Рисунки Поля Пуаре, 1912
Перед этим я закончил работу, заказанную месье Руше, – эскизы костюмов к постановке пьесы Мориса Магра[149] в «Театре дез Ар». Пьеса называлась «Навуходоносор». Сегонзак, узнав, что костюмы буду делать я, согласился работать над декорациями. Мы вволю повеселились на репетициях, потому что роль Навуходоносора исполнял Макс, шутник и выдумщик. Помню, репетировали превращение Навуходоносора в быка[150], и Макс встал на четвереньки. В это мгновение на сцену, кружась, выпорхнула одна из любимых танцовщиц ассирийского царя, эту роль исполняла Труханова[151], красавица с пышными формами. По тексту пьесы безумный Навуходоносор должен был крикнуть: «Бабочка! Бабочка!» Но в тот вечер мы не услышали его крика. Бык замер на месте, затем на четвереньках приблизился к рампе и жалобно произнес: «Руше, старина, ты не боишься, что меня засмеют? Я кричу: “Бабочка! Бабочка!” – а ты присылаешь мне слона!»
Поль Пуаре, 1907
Костюм Макса в этом спектакле стал первым, созданным мною для театра. Эту необычайно длинную и просторную мантию я велел выкрасить в цвет, аналогичный, как тогда считалось, цвету легендарного тирского пурпура. Мантию украшали широкие золотые галуны, а голову царя-быка венчала громадная тиара весом шесть килограммов (но Макс, как настоящий артист, ради искусства готов был вытерпеть любые муки). Тиара должна была выглядеть как ювелирное изделие, выполненное из чистого золота, с колокольчиками, башенками и минаретами. Именно в этом костюме позднее я появился на балу-маскараде в Высшей художественной школе.
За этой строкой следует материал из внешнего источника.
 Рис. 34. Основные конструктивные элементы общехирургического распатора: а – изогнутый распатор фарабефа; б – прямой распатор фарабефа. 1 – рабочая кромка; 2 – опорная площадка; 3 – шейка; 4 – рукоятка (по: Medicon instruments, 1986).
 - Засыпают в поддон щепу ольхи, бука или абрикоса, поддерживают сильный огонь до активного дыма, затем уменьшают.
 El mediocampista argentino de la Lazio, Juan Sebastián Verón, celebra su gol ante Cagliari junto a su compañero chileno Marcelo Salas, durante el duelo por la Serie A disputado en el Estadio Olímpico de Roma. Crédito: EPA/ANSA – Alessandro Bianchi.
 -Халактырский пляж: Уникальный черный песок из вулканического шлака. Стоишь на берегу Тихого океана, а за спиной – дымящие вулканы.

Меня доставила триумфальная колесница, в которую впряглись сто полуобнаженных женщин. Это было великолепное зрелище.
После такого праздника я стал своим человеком в мастерских Высшей художественной школы. Каждый год меня просили помочь с устройством маскарада и придумать какую-нибудь эффектную сценку с участием красивых девушек, предоставленных в мое распоряжение. И каждый раз я охотно соглашался, пока однажды некий грубиян не мазанул меня по лицу зеленой краской: на языке будущих живописцев это означало, что я слишком стар для подобных увеселений. Я понял намек и навсегда отказался от участия в выпускных балах, несмотря на уговоры друзей и мою непреодолимую симпатию к художникам.
Да, я всегда любил художников, они очень близки мне. Ведь мы, в сущности, занимаемся одним и тем же ремеслом, и я воспринимаю их как собратьев.
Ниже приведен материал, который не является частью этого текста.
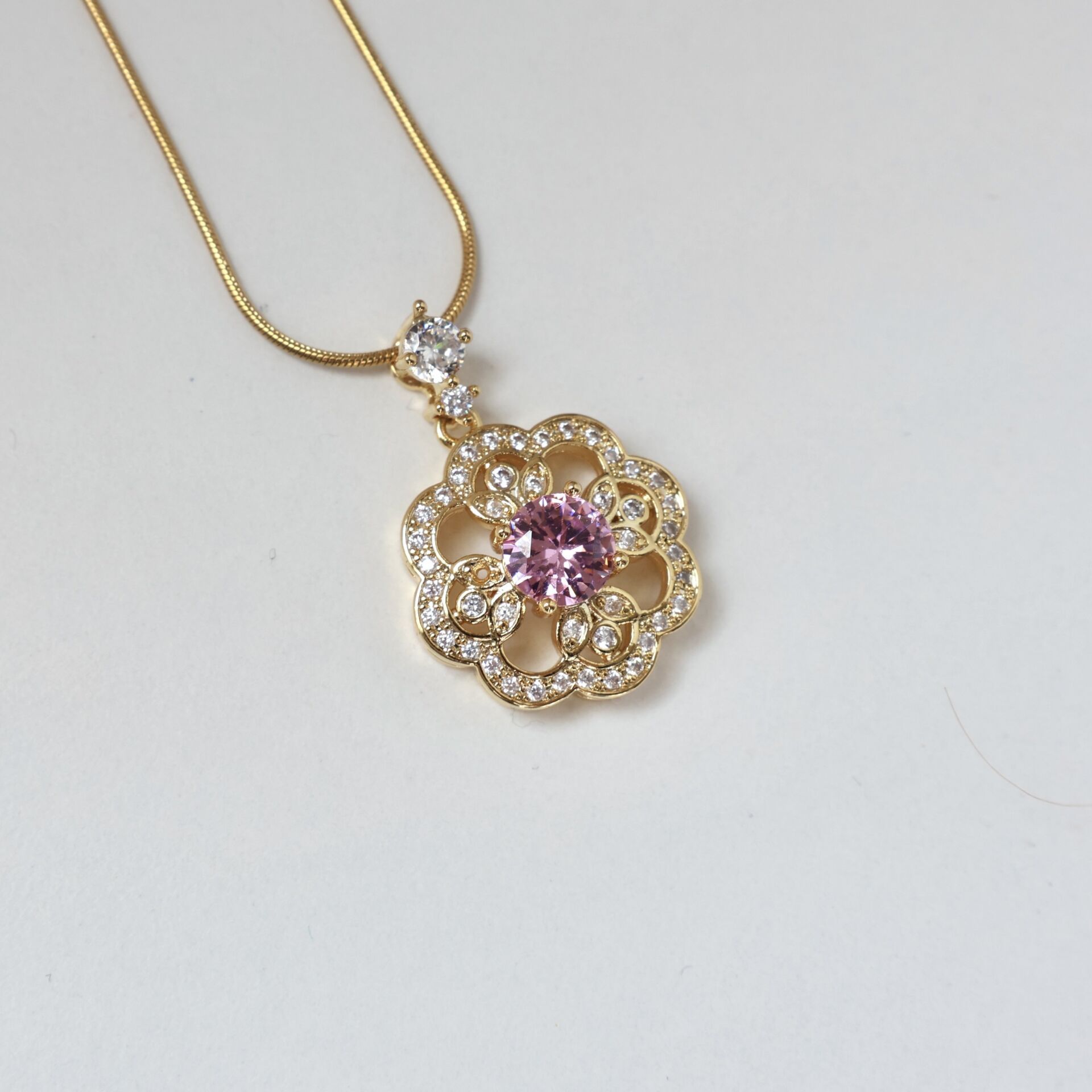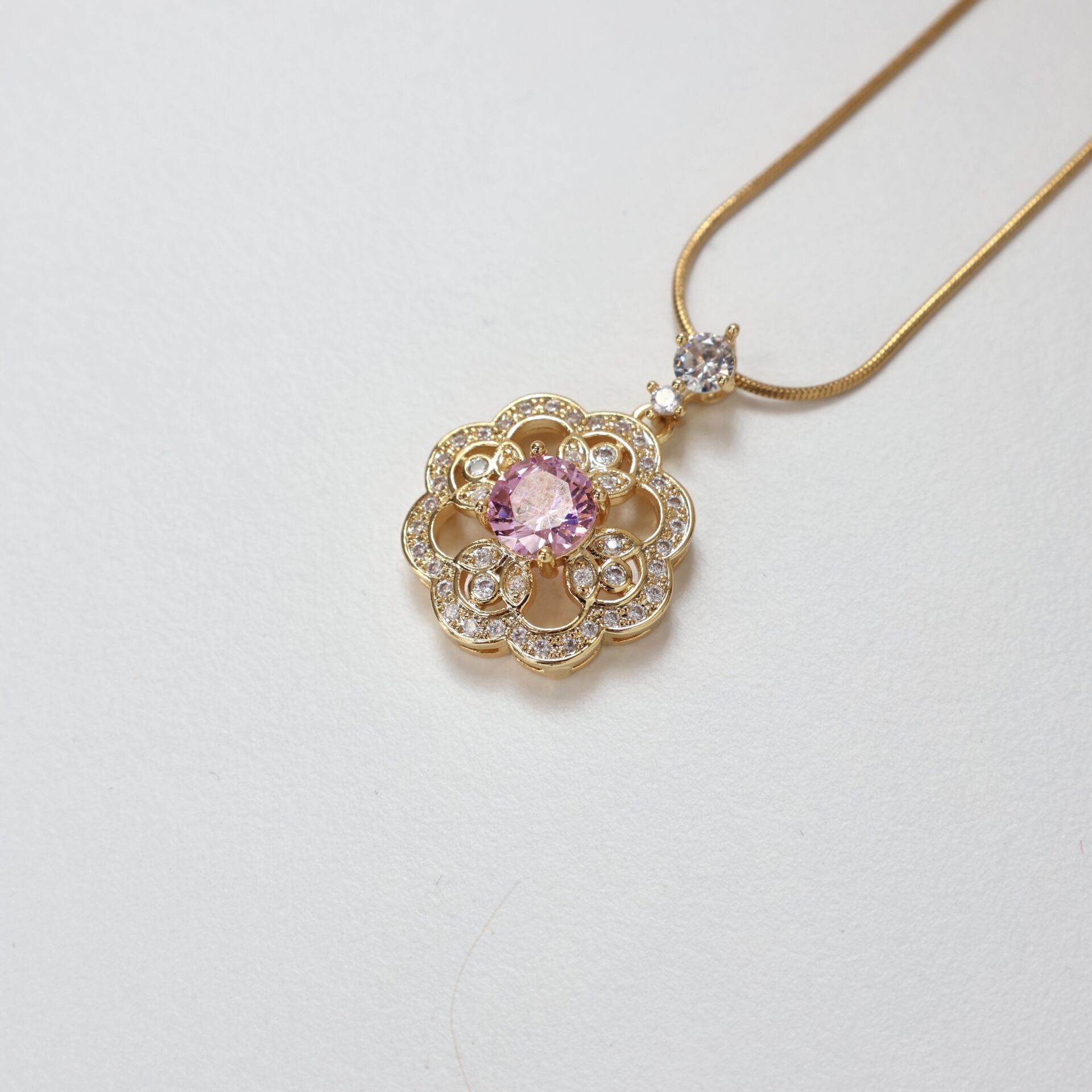 Çelik Pembe Taşlı Kolye

В те годы я дружил с двумя художниками. Обоих ждало большое будущее: Вламинк[152] и Дерен[153]. Их жизнь протекала в кабачках на берегу реки в Шату, моя – тоже. Мы жили там, как жили когда-то в Аржантее импрессионисты и друзья Кайботта[154], в здоровой атмосфере свободы и беззаботности[155]. Мне не забыть свирепый взгляд и воинственную позу Вламинка, когда кто-то подходил к мольберту и отрывал его от работы.
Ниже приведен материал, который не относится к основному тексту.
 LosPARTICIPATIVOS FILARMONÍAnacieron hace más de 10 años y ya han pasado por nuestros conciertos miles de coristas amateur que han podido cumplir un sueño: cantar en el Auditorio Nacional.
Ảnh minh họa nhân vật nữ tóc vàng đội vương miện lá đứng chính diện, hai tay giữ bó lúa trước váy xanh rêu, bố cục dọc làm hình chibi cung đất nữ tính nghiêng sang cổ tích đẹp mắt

Он выставлял картины у торговца красками, возле моста Рюэй. Один мой приятель как-то заметил, что, когда проезжаешь мимо на большой скорости, эти картины очень хорошо смотрятся. Сегодня он, конечно, отказался бы от своих слов. Ведь Вламинк стал гордостью нашей эпохи, и никто уже не подвергает сомнению его талант. Однажды я видел, как они с Дереном переезжали: их выгнали из кабачка, где все мы жили. Хозяйке, мамаше Лефран, надоело обслуживать их в кредит, и она приняла радикальное решение – выставила их вон. И они зашагали прочь по заросшему зеленью берегу реки, каждый нес под мышкой коробку с красками и толкал перед собой тачку с полотнами. Как лебезила бы перед ними мадам Лефран, если бы сегодня, добившись славы, они вдруг захотели вернуться под ее кров!
VII. Улица Фобур Сен-Оноре
Однажды, в четверг, в середине Великого поста, я прогуливался по фешенебельному кварталу возле Елисейских Полей, по улице Артуа и авеню д’Антен (ныне авеню Виктора Эммануила III). И мое внимание привлек обширный пустырь за решетчатой оградой. Участок был давно заброшен, под сенью громадных, столетних деревьев буйно разрослись сорные травы. По углам копались куры, кошки со всего квартала бродили в поисках добычи. Калитка оказалась заперта, но я захотел проникнуть в этот замок Спящей красавицы и нашел другой вход.
Я обнаружил его с противоположной стороны, на Фобур Сен-Оноре. Через сводчатые ворота, поддерживаемые двумя колоннами, я попал во двор, в глубине которого стояло какое-то обветшалое здание. Это был особняк, выходивший своим великолепным фасадом на авеню д’Антен. Я поговорил со сторожем: дом уже пятнадцать лет как пустовал. Хозяева соглашались сдать свое владение в аренду только целиком.